Managing deployments into the public cloud requires a strong set of guardrails to ensure low cost, efficient utilization, highly secure and efficient use of resources. With the constant change in features and capabilities on the hyperscalers (AWS/Azure/GCP) the CI/CD becomes the main control point to manages these guardrails. We discussed how to “shift left” day 2 operations into CI/CD using “Continuous Verification” in a previous blog
In any public cloud operations process there are multiple pipelines managing different aspects of the the environment.
-
Infrastructure pipelines – these are used to deploy environments into AWS for developers or production workloads. Building these generally uses terraform or some other infra-as-code tool (like AWS Cloud Formation templates). These scripts are executed in the pipeline, and generally before the app is deployed or the developer gets access to the environment.
-
Application pipelines – Each LOB, project, etc has individual application pipelines they are managing to deploy development or production workloads. The endpoints are generally set up by the infrastructure pipelines. These two types of pipelines are constantly in motion. Managing the outcomes from these pipelines is important. Continuous Verification helps you manage these pipelines by providing a mechanism to non-intrusively provide a set of checks and balances in the pipeline.
In this article we will review how you can implement Continuous Verification during an application deployment pipeline onto AWS EC2.

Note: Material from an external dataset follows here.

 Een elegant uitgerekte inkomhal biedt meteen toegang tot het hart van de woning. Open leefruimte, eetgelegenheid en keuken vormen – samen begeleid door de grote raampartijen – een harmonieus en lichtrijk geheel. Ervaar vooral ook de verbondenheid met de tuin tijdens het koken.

We will use Cloudbees running on GKE with checks into CloudHealth and VMware Secure State.
Implementing Continuous Verification with Cloudbees
The implementation of Continuous Verification into an application deployment pipeline is straight forward. In this implementation we will use:
-
terraform to deploy the application into AWS
-
Cloudhealth by VMware to check the budget before deployment
-
VMware Secure State to check the security posture post deployment
Here is the pipeline:
Each one of the verification stages uses logic that is run via a Python script being executed via the Jenkinsfile.

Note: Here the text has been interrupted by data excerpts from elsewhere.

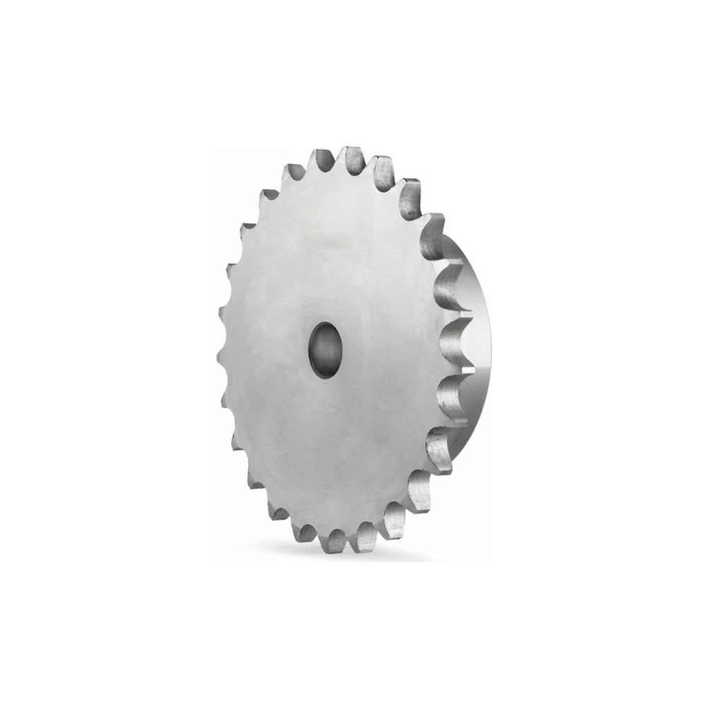 Звездочка со ступицей под расточку – это однорядная звездочка, произведенная из стали С45Е. Применяются в цепной передаче с однорядной цепью. Вместе с цепью она обеспечивает надежное сцепление всех элементов движущего механизма между собой. Звездочка со ступицей под расточку используется в промышленных станках, спецтехнике, и на различных производствах. Изделие относится к самому распространенному типу приводных звезд, которые подходят для выполнения большинства задач. Имеет ступицу для доработки под посадку на вал или другую часть трансмиссии. Внимание! Иллюстративное фото! Параметры товара представлены в таблице технических характеристик.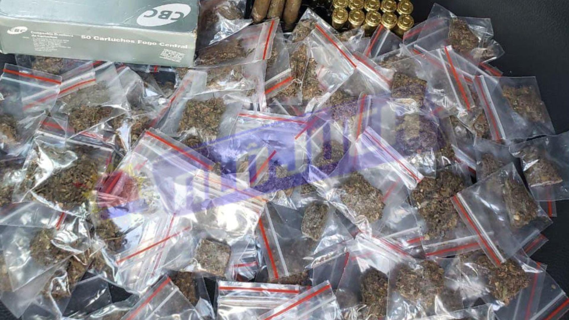 O suspeito foi alcançado, abordado e imediatamente preso. Após buscas, os militares encontraram 104 porções de maconha, 28 munições calibre 9mm, cinco munições calibre 5.56 e uma bolsa. A droga já estava separada e embalada em pequenas porções, pronta para a venda.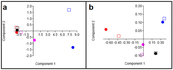 Principle component analysis of HCT116 (violet), LoVo (blue), SW480 (red), and SW620 (black) cell lines (dot) and their corresponding, released TMVs (square). Two-dimensional (2D) score plots of the cell line samples presented for the spectroscopy data: Raman (a) and FTIR (b).

By using either Python based scripts or docker containers with these scripts, you can embed these checks into any pipeline.
The additional component that we will use is a “policy” file that defines the limitations of the checks. These “policy” files define the SLA that the deployment needs to meet.
The output of the logic checks our pipeline essentially determines if the pipeline proceeds or stops. However, there are additional steps that can be taken (not shown in this blog):
- A Jira ticket can be opened to have an Ops person alerted
- An approval process can be created to override the logic
- etc
Essentially you can add anything you need in any logic, any actions at any point in this pipeline. It’s all about ensuring post deployment remediation work is minimized.
Budget Check
Budget check is done by making an API call into CloudHealth by VMware. We are checking how much money we have spent on this particular project this month. We’re checking that number against our known budget number. Depending on this outcome, we’re writing a boolean variable into Jenkins.
This allows us to pass variables between stages to either pass / fail the pipeline based on the Boolean parameter value set. In this instance, if we have an overage, then we do not want the deploy stage to run.
Cluster deployment
Next, we will use Terraform to deploy our application. This is as easy as running some code from our pipeline to install the Terraform dependencies and then running the commands to deploy the Terraform. This demo we have setup has 2 different sets of files. The initial Terraform deploy, which is flawed on purpose, and then the correct Terraform files. This allows us to simulate a security issue, then deploy the correct version. The Terraform files and repo can be found here.
Security Check
Now that the application has been deployed, we need to ensure the deployment is “clean”. Checking for violations is exactly like our budget stage, but it checks the previously deployed infrastructure for violations using VMware Secure State. This allows us to make sure that the infrastructure we deployed has the correct security measures in place. If this is not the case, then we want to fail the pipeline.
This is done in the same way by implementing another Boolean check into the re-deploy stage. This way we can check the variable that our python scripts wrote to verify if we should or should not continue operations in the pipeline.
Conclusion
As we’ve shown you, it’s fairly easy to add control points into the pipeline. Jenkins allows you to easily. While we showed budget (with Cloudhealth by VMware) and security (with VMware Secure State) you can add other bits into the pipeline such as:
- Checking the performance of the app in a staging environment before it proceeds to production
- Checking for AWS service authorization before the application gets deployed.
- Etc
Hopefully you find this framework useful to improve your operations process.